(Activity)
Which lines run from the one with "Originálna drevená obálka" through the end of the data? Retype them exactly, without pictures.

(Data records)
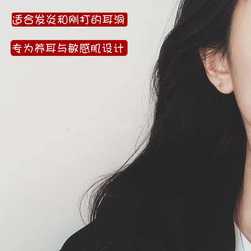 Golden bean ear nails female silver sleeping without picking 925 silver and anti - allergic K - ear nails
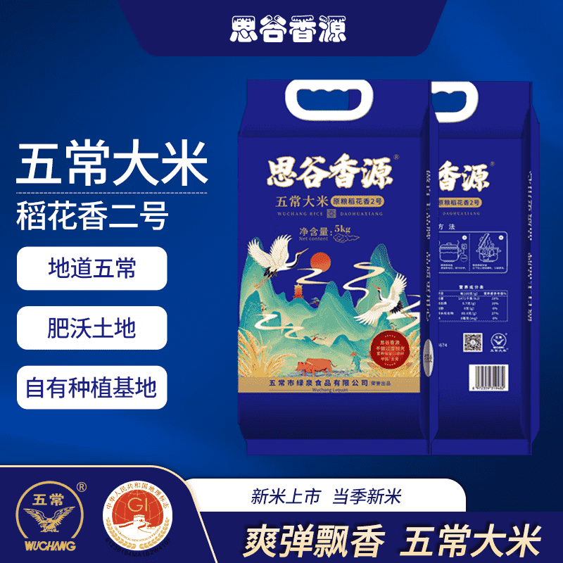 包邮-思谷香源 五常大米原粮稻花香2号大米5kg真空手提包装10斤装【新疆西藏不发货】
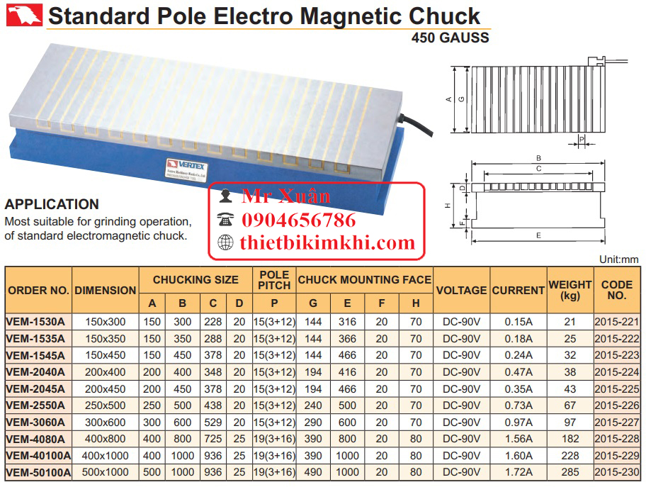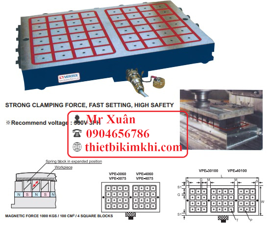 Bàn từ điên Đài Loan với lực từ 450 Gauss với các model VEM-1530A, VEM-1535A, VEM-1545A, VEM-2040A, VEM-2045A, VEM-2550A, VEM-3060A, VEM-4080A, VEM-40100A, VEM-50100A.
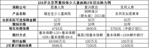 根据上述2020年中国国家卫生健康委员会发布的数据,白血病发病高发年龄段是2至7岁。如果6岁北京男童投保少儿重疾险2年后,患白血病,那么按其目前实际可投保君康福宝宝的最高保额为32万测算,与其他两款产品相比赔付情况如下:
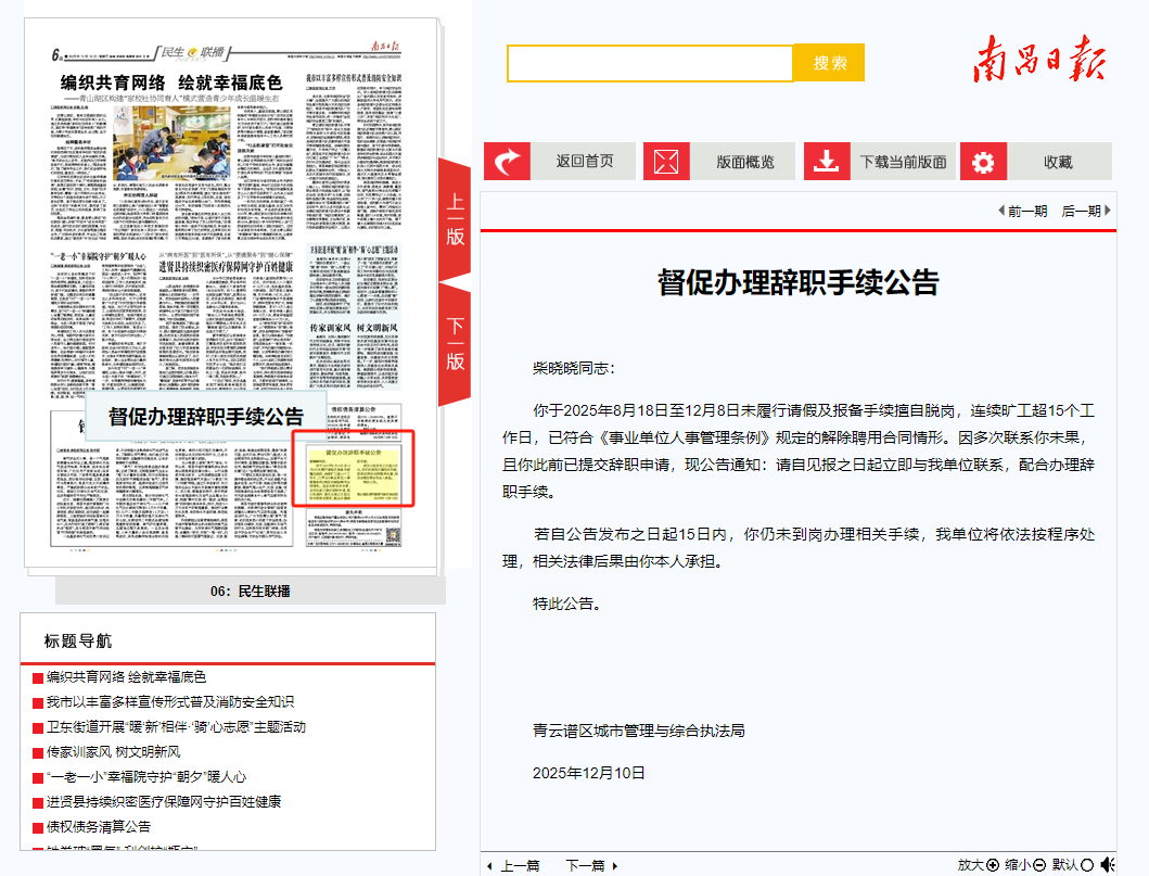 昨天(12月10日),江西南昌市青云谱区城市管理与综合执法局在《南昌日报》刊发“督促办理辞职手续公告”,全文如下:
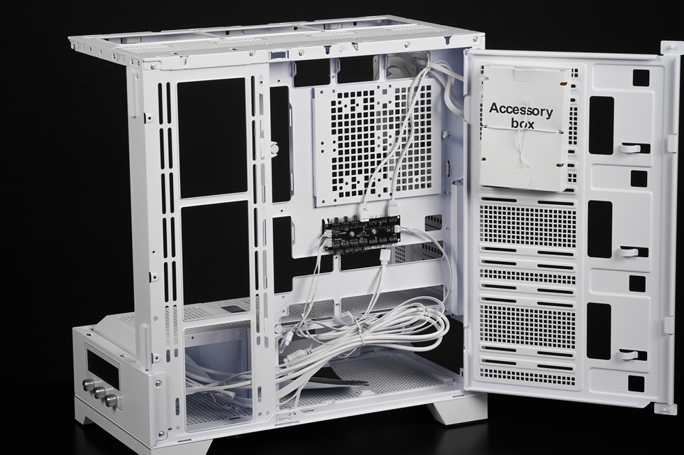 机箱的特色功能之三,提供了一个风扇4PIN、12V ARGB集成HUB,可以通过前置面板进行全机箱的风扇和灯效统一控制,同时提供了一个磁吸的盖板,盖板上支持安装硬盘的同时,可以遮挡背部走线,看起来更简洁。
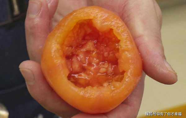 2、然后把番茄蒂那一边切平,挖出里面的番茄瓤,做成番茄盅,这一步千万不要把外壁挖破。
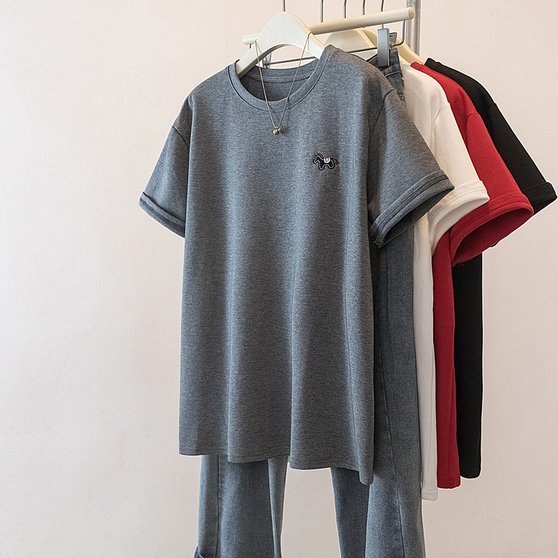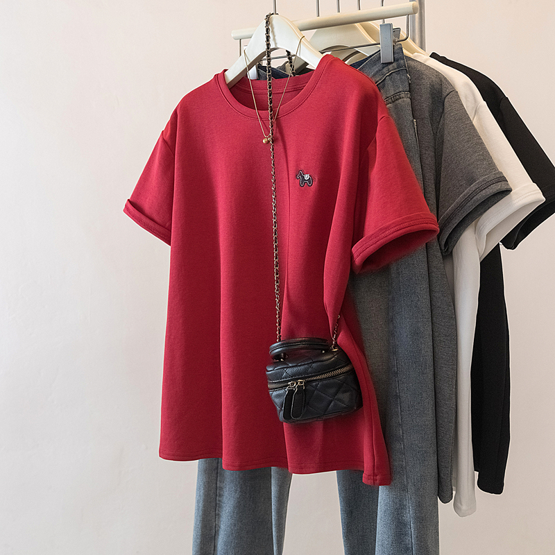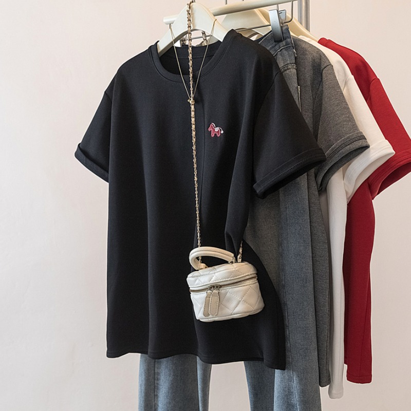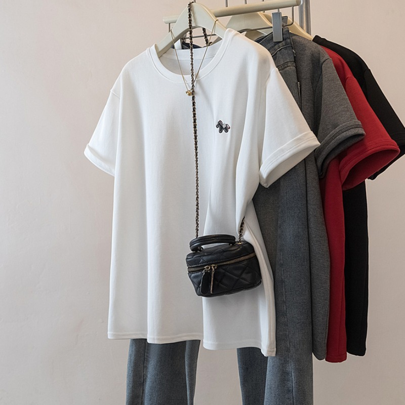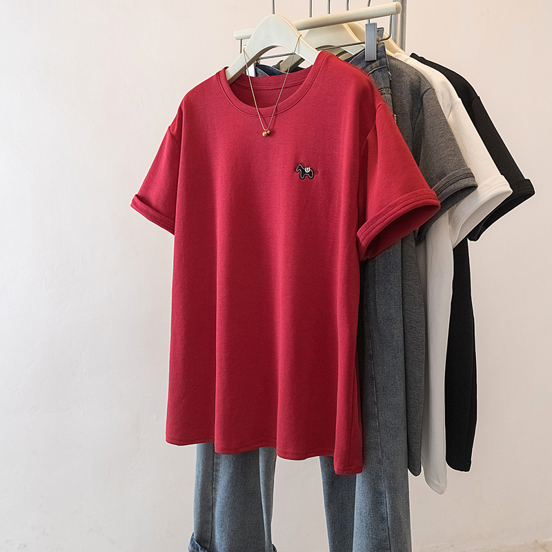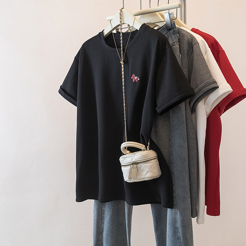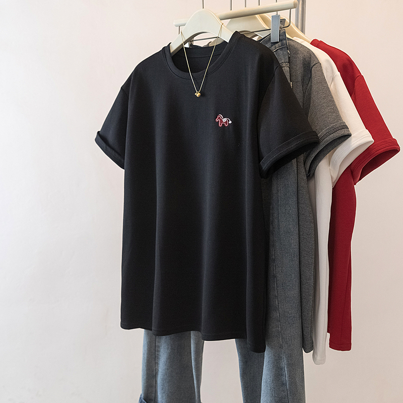 MY17142# 大码重工刺绣小马短袖T恤女新款本命年宽松百搭上衣女裝貨源服裝批發
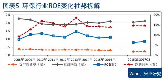 權(quán)益乘數(shù)抬升下,行業(yè)整體盈利能力小幅上升。2017年前三季度環(huán)保行業(yè)整體ROE為6.86%,同比增加0.61個百分點(diǎn)。通過杜邦分析來看,行業(yè)凈利率和資產(chǎn)周轉(zhuǎn)率整體保持穩(wěn)定,盈利能力的提升主要來自權(quán)益乘數(shù)的上升,隨著行業(yè)訂單的逐步釋放和PPP類訂單的增加,環(huán)保企業(yè)融資需求有所提升。
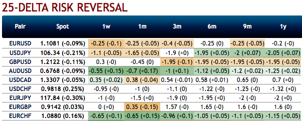 Bullish neutral risk reversals of EURGBP have been observed to the broader bullish risk outlook in the FX OTC markets, this is interpreted as the hedgers are still keen on bullish risks but with mild downside risk sentiment in the near-term (refer to negative risk reversals in 1m tenors which is absolutely in line with our forecasts).
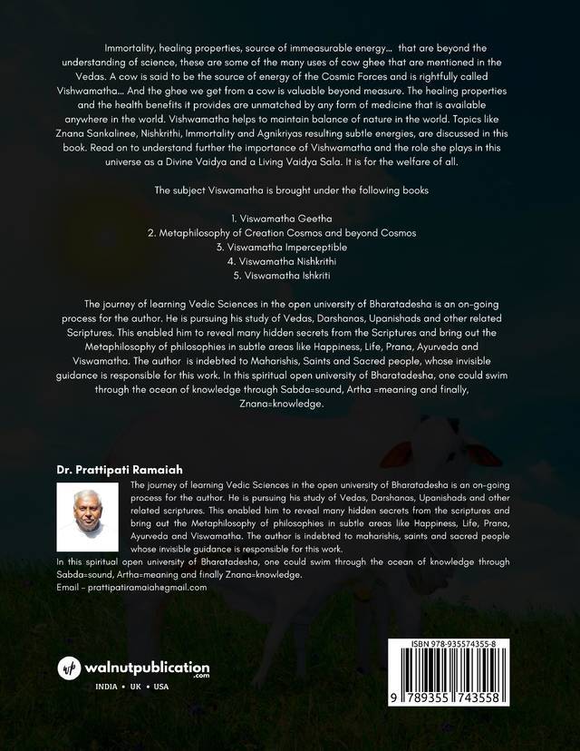 Immortality, healing properties, source of immeasurable energy… that are beyond the understanding of science, these are some of the many uses of cow ghee that are mentioned in the Vedas. A cow is said to be the source of energy of the Cosmic Forces and is rightfully called Vishwamatha and the ghee we get from a cow is valuable beyond measure. The healing properties and the health benefits it provides are unmatched by any form of medicine that is available anywhere in the world. Vishwamatha helps to maintain balance of nature in the world. Topics like Znana Sankalinee, Nishkrithi, Immortality and Agnikriyas resulting subtle energies, are discussed in this book. Read on to understand further the importance of Vishwamatha and the role she plays in this universe as a Divine Vaidya and a Living Vaidya Sala. It is for the welfare of all.
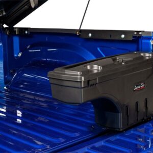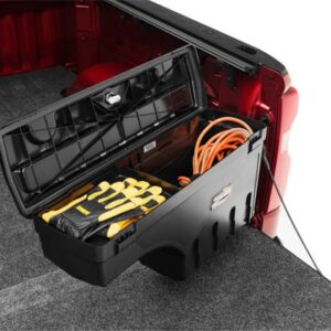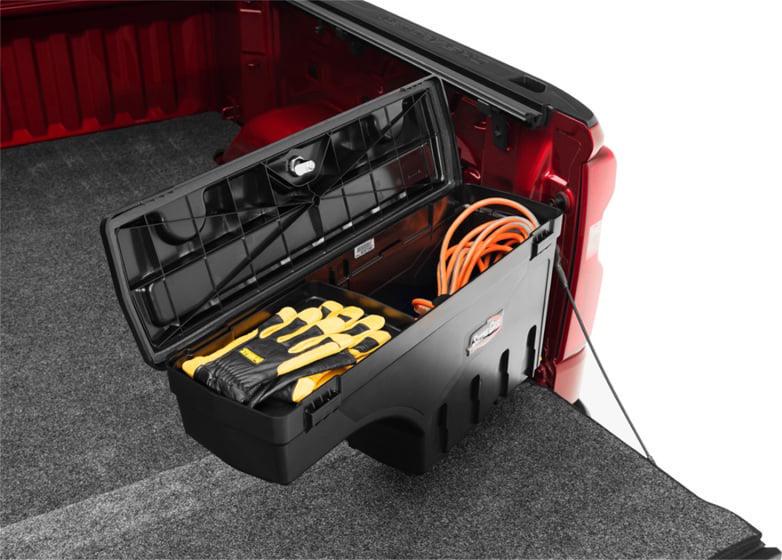 Need a place to store all your tools, trailer accessories, jumper cables, or sporting goods Compatible with virtually all truck bed covers, the UnderCover SwingCase is simple to install and easily accessible making it the ultimate cargo storage solution. The SwingCase is the only swinging, removable, and portable utility case for trucks on the market. Its quick-release latch system enables the SwingCase to swing out nearly 180¬ towards the tailgate and swing back into a locking position over the wheel well for maximum bed access. Constructed with the same durable ABS material as UnderCover truck bed covers, the SwingCase is sturdy, yet lightweight, and can hold up to 75 lbs. of cargo. The SwingCase also has a removable sliding tool tray inside, and features cup holders on the top of its lid, making it a perfect tailgating season accessory! The SwingCase installs at the side of truck bed in minutes with six self-tapping screws, and can be easily removed for complete bed access. The SwingCase Äôs lid is key-lockable to keep your belongings safe. This toolbox also features a perimeter moisture seal to help keep contents dry and protected from the elements. Additionally, the SwingCase is portable, so you to take it wherever you go. , UnderCover Äôs SwingCase is backed by a 1-year guarantee and by our based customer support team. Swing away, work or play!
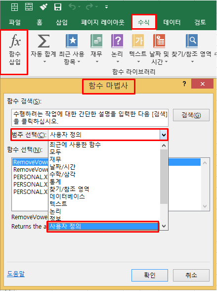 수식 > 함수 라이브러리 > 함수 삽입 > 범주 선택 : 사용자 정의 함수
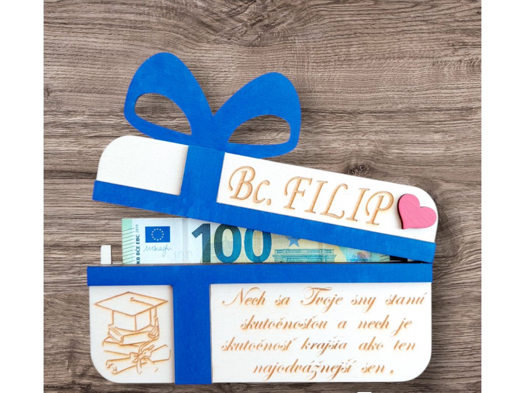 Originálna drevená obálka na peniaze alebo darčekové poukážky, ktorá poteší každého absolventa.
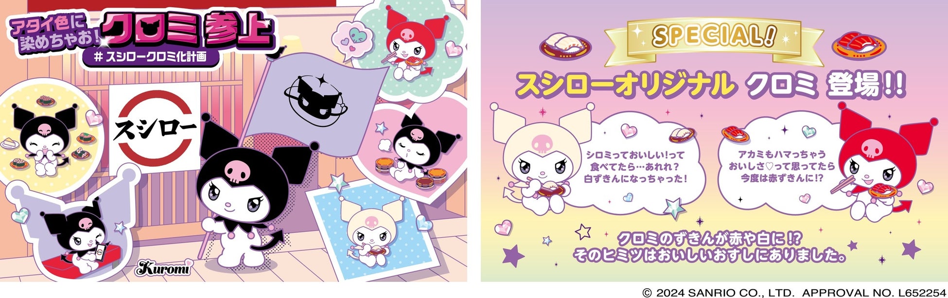 この度、おすしをお楽しみいただくことはもちろん、おすしと一緒に楽しめるコンテンツを提供したいという想いから、「2024年サンリオキャラクター大賞」TOP3にもランクインしたサンリオの人気キャラクター「クロミ」とのコラボを実施いたします。
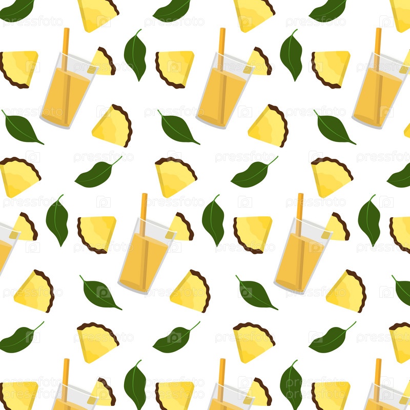 Узор с ананасом, ломтиками, ананасовым соком в стакане, тремя листьями на белом фоне

(Task response)
 Originálna drevená obálka na peniaze alebo darčekové poukážky, ktorá poteší každého absolventa.
 この度、おすしをお楽しみいただくことはもちろん、おすしと一緒に楽しめるコンテンツを提供したいという想いから、「2024年サンリオキャラクター大賞」TOP3にもランクインしたサンリオの人気キャラクター「クロミ」とのコラボを実施いたします。
 Узор с ананасом, ломтиками, ананасовым соком в стакане, тремя листьями на белом фоне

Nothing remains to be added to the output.